### Aim of the task
Without including any pictures, reproduce the full listing exactly.

***** Provided material *****

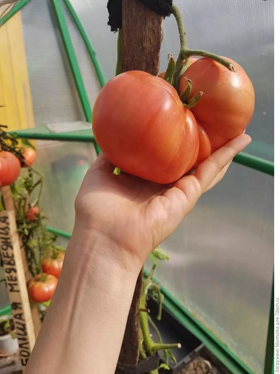 Основная специфика ухода проявляется после высадки. Из-за высокорослости (до 200 см) и тяжелых плодов обязательна надежная вертикальная подвязка к шпалере или кольям. Стебель фиксируют мягкой лентой по мере роста, а каждая тяжелая кисть с наливающимися плодами требует дополнительной поддержки, чтобы не обломилась.
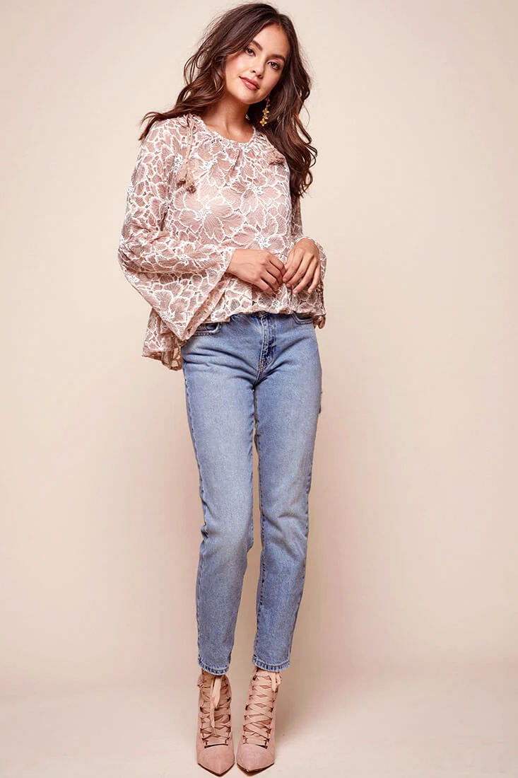 Neiah Sheer Lace Bell Sleeved Top Mocha
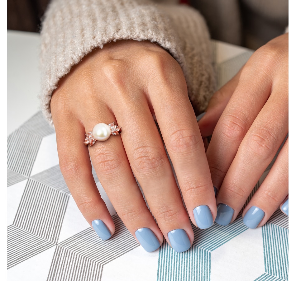 10K Rose Gold 9-9.5mm Freshwater Cultured Pearl And Morganite Cocktail Ring

*****

### Your response
 Основная специфика ухода проявляется после высадки. Из-за высокорослости (до 200 см) и тяжелых плодов обязательна надежная вертикальная подвязка к шпалере или кольям. Стебель фиксируют мягкой лентой по мере роста, а каждая тяжелая кисть с наливающимися плодами требует дополнительной поддержки, чтобы не обломилась.
 Neiah Sheer Lace Bell Sleeved Top Mocha
 10K Rose Gold 9-9.5mm Freshwater Cultured Pearl And Morganite Cocktail Ring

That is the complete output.